Я приму от вас, если хотите.
Шаманская панихида окончена. Съедена коза, Выпита арака, купленная за три цены у соседних баев.
Ни у одного нет шелкового кадака [34]. Мы разорвали свои рубахи, запеленали мать и перевязали арканами. Понесли ее по хрупкому снегу на холм. На вершине, не зарывая в землю, укрыли камнями. Отсюда рано виден восход солнца. Его лучи золотят бязевые лоскутки, привязанные к высоким древкам. Пусть они развеваются по ветру, охраняя мать на ее последнем кочевье.
Глава 10
Я иду к цели
Простившись с могилой матери, мы разошлись. Шаману не отдали наших ножей. Ему пришлось удовольствоваться козлятами.

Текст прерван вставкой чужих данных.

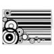 Einfaches Schwarzweiß-Grafikdesign aus Retroringen und Streifen. Das Design ist transparent, sodass Sie die gewünschte Hintergrundfarbe auswählen können. Bilder auf verschiedenen Geschenken und Produkten erhältlich.

На обратном пути я узнал от встречных, что белые пришли на Терзиг с верховья Каа-Хема для вербовки новых людей. В их отряде уже были — не рядовыми, а главарями — Евстигней Михайлов, Пичугин и другие головорезы из кулаков Терзига. Всего человек сорок. Бандиты избивали нагайками местных бедняков, заставляли вступать в банду, угрожая расстрелом. Большинство батраков и бедняков попрятались в леса, многие ушли в Сарыг-Сеп, куда подтянулись партизанские отряды Сергея Кочетова и Хлебникова.
Поздним вечером я подошел к хутору Чолдак-Степана. Кто на хуторе — они или наши? Что сделает со мной хозяин за мою самовольную отлучку? Ясно, что отомстит, может быть, убьет. А кто будет мстить за нас, за нашего Санжа, которого белые закопали живым в Бозураа, за мою мать, с которой мы навсегда простились на берегу Мерген?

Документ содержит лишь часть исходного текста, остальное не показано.